* WHAT IS BEING ASKED *
Print exactly the first lines of the records. Stop after the line containing "Getting her used to a 3 point Harness early!", and leave every picture out.
-*-
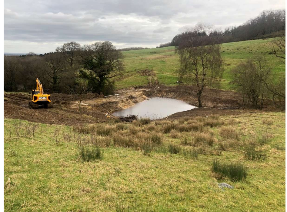
Above: Pond at Witham Friary near Frome
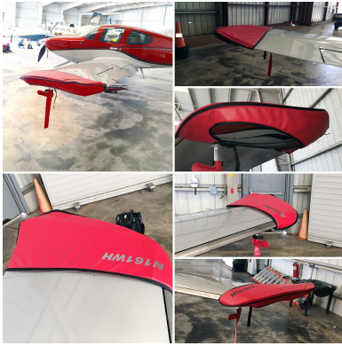
Cirrus SR22 Wingtip Pads, G5 Models

Designed to prevent damage to the aircraft extremities in crowded hangars, these products are made of bright red Naugahyde and thickly padded with a sandwich of closed cell foam.
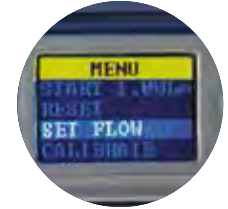
Easy to use menu
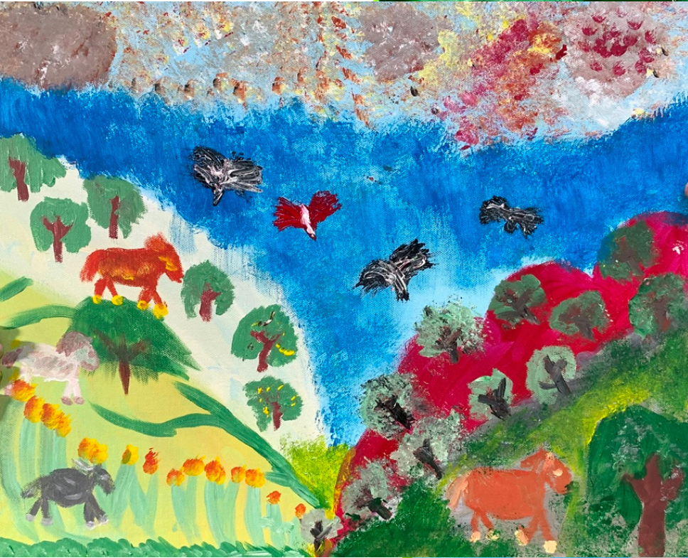
Maree Landscape with horses held
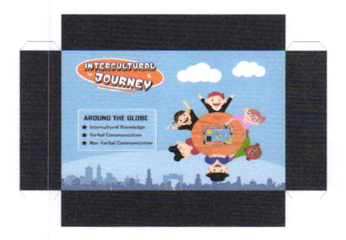
Figure 5: The box of the game A Cross-cultural trip around the world
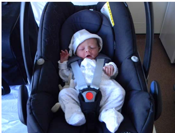
Getting her used to a 3 point Harness early!
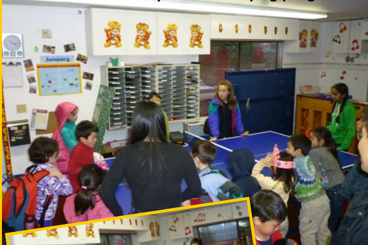
Students excited to try out the new ping-pong tables
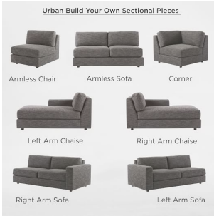
Build Your Own - Urban Sectional Pieces $1,149 $1,949 Sale $559.99 – $1,949
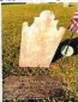
Powder Valley, circa 1900
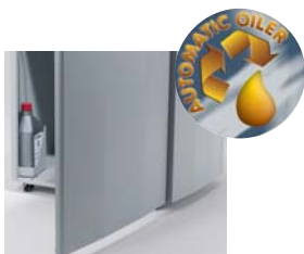
“AUTOMATIC OILER” Special automatic integrated oiling system. Automatically lubricates cutting knives during the shredding operation
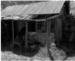
HO200 - Hill, later Birch farm complex - cottage from street
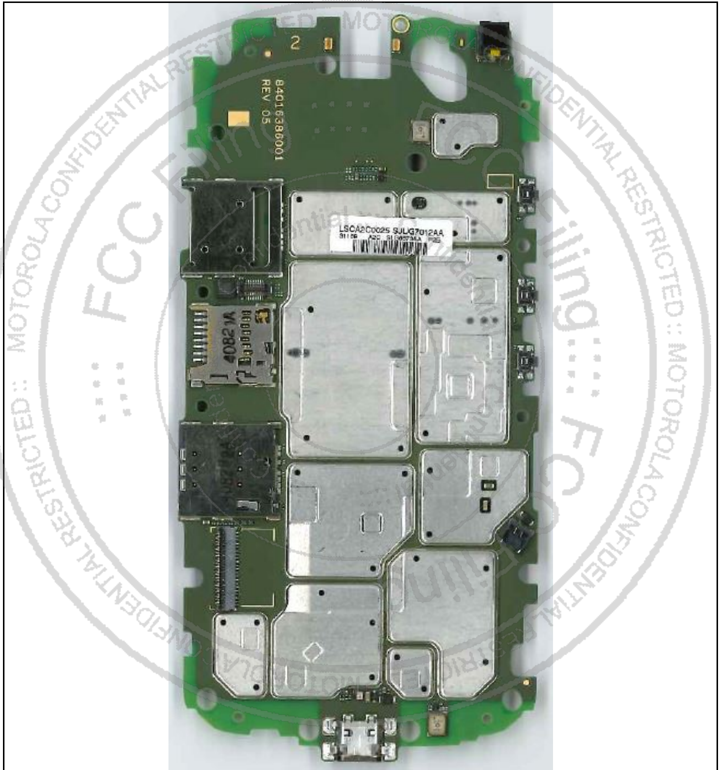
Photograph 9-1: Front side view of the device's PC Board, Shields in place.
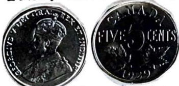
1929. Five Cents.
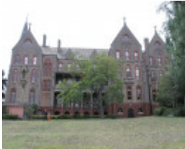
FORMER CONVENT OF THE GOOD SHEPHERD SOHE 2008
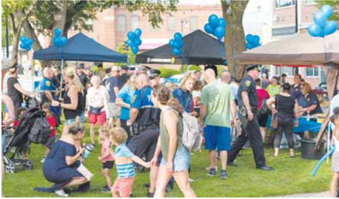
The event is designed to create community between residents and the police.
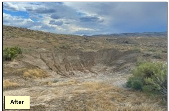
Above is an example of "Livestock Water Systems & Pond Maintenance" projects funded by the Districts
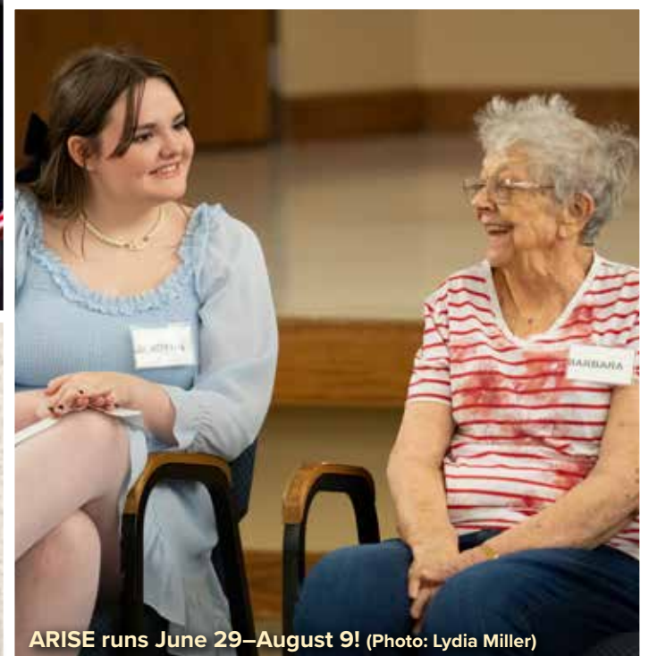
ARISE runs June 29–August 9!
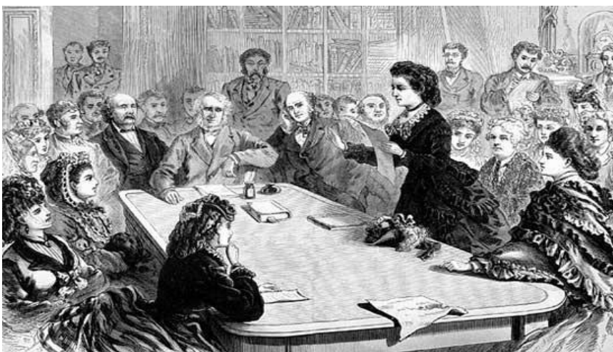
American woman suffrage advocates speak before the U.S. House Judiciary Committee in 1871.

The movement marks its beginning as July 13, 1848. This movement didn't just happen because someone thought that it was time for women to have the same rights as men, women of all ages came together at the start of it in order to fight for equality among the sexes. Women have affected changes in laws and human nature by holding meetings, petition drives, lobbying, public speaking, and also by demonstrating nonviolent resistance. Leaders of the movement fought for freedom in family life, government, religion, employment, and education. Over the years, they have successfully gained access to these freedoms and luxuries because a group of women never gave up and fought for the things that they believed in.
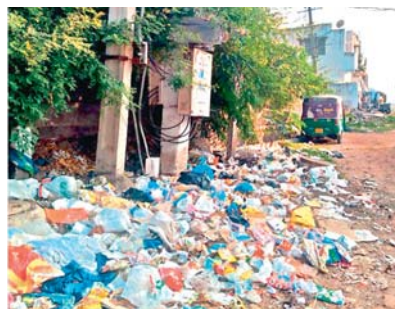
MJ Colony has roads to hell

We, the residents of the MJ Colony, Moula Ali, are very thankful to Speak Out column in Deccan Chronicle for publishing our complaints regarding civic issues in our area (Monday, October 14 - MJ Colony has roads to hell).
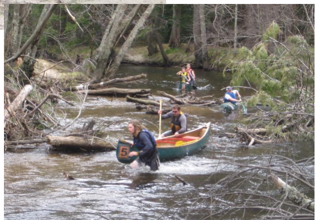
below: low water and snags forced several canoeists out of their crafts mid-stream.

The volunteers were treated to a spaghetti dinner along with the participants at the West Townsend VFW after the event.
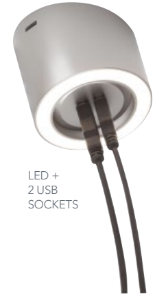
LED + 2 USB SOCKETS
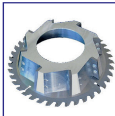
7010499 Cut & Bevel Plastics
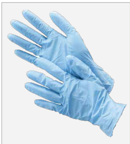
Nitrile Powder Free Gloves
-*-
* TASK RESPONSE *
Above: Pond at Witham Friary near Frome
Cirrus SR22 Wingtip Pads, G5 Models

Designed to prevent damage to the aircraft extremities in crowded hangars, these products are made of bright red Naugahyde and thickly padded with a sandwich of closed cell foam.
Easy to use menu
Maree Landscape with horses held
Figure 5: The box of the game A Cross-cultural trip around the world
Getting her used to a 3 point Harness early!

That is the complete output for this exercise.